Ismael Cortinas
BY MERCEDES ESTRAMIL, TR. TRAVIS PRICE
Ismael Cortinas, who shared his name with a nearby town, drank his fourth gin of the morning seated in front of his monitor. He was watching a Miyazaki film and checking his phone. While Princess Mononoke kept hell at bay, he waited for the call. In the fridge, some lettuce heads were rotting, and outside, a storm blew against the window screen, making checkered patterns of dust on the glass. For winter, it was more like a rageful summer. School was going badly. He was losing his reputation as a hard-working student and gaining one as a rebel and a degenerate. Some female classmates had forced themselves to look past his all-black incisor tooth and his eyelids that trembled when he was nervous. Lying in his bed, one of them told him the twitch was an emotional response called blepharospasm. He kicked her out and never saw her again.

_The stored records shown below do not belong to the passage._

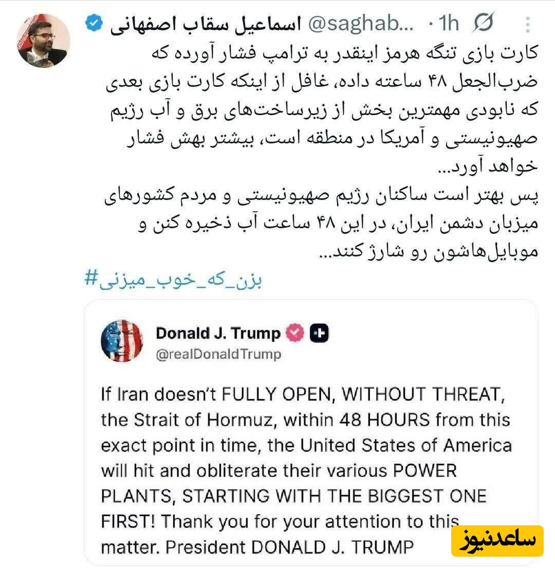 مردم عزیز در پاسخ به تهدید ترامپ برای زدن به زیرساختها به خیابانها بیایید و پرچم آمریکا را آتش بزنید.
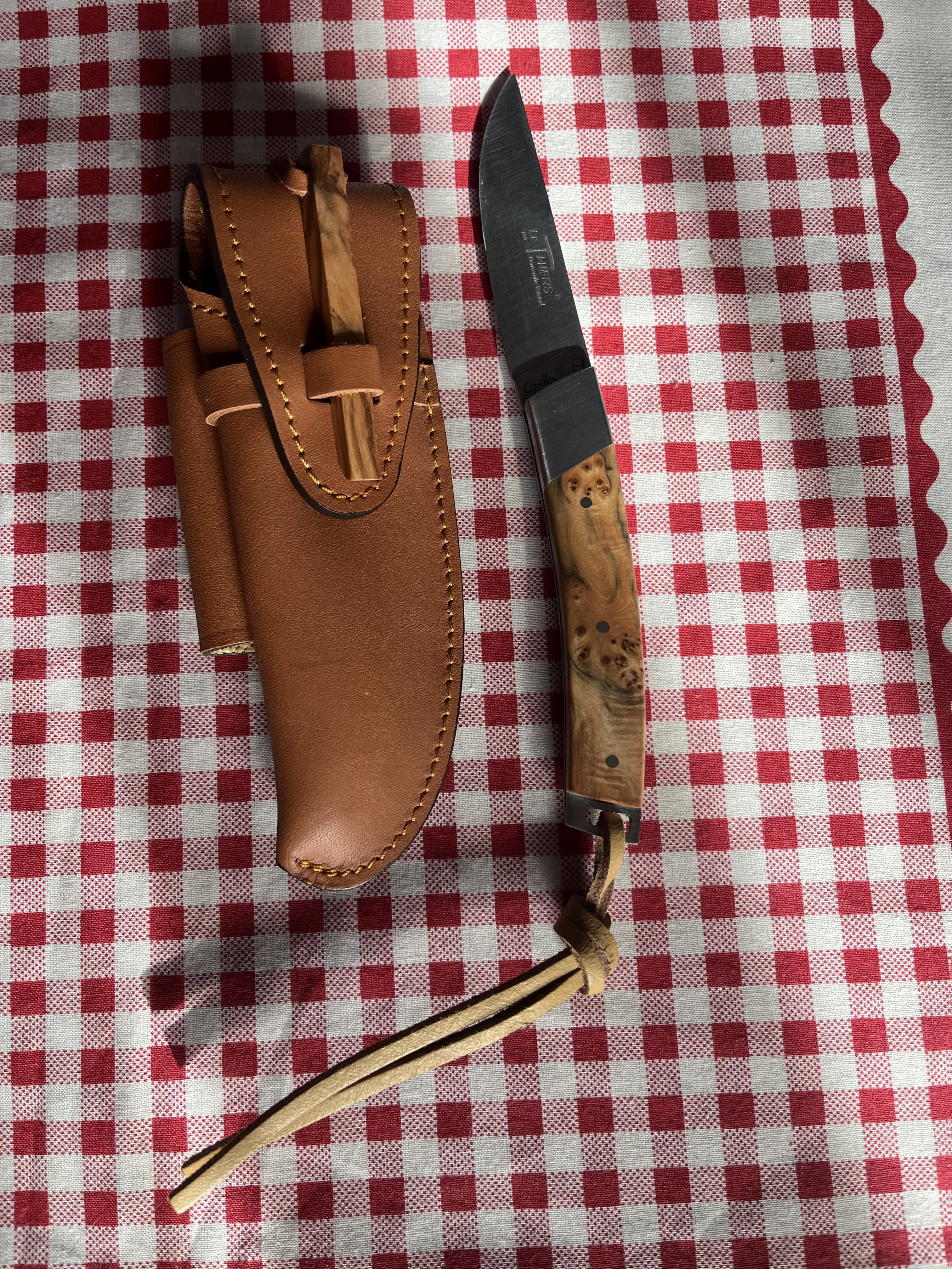 Bonjour, c'est le Quatrième couteau FD Gilles que j'achète et ce n'est certainement pas le dernier, tous sont très (trop) beaux. je recommande sans réserve. SG
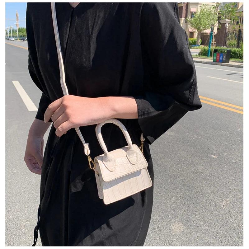 Stay stylish with this trendy crocodile pattern mini tote bag that can be worn as a crossbody or shoulder handbag.

His grandparents were inconsolable at the funeral. People went by offering their condolences, genuine or not, and when they reached him they settled for some pat expression. Your mom loved you very much. Or Your mom was a wonderful person. Always “your mom.” He would have preferred “Your mother,” or just her name, Jessica, but he understood what that name conveyed: the working poor, shanty towns, a skirt cut too short.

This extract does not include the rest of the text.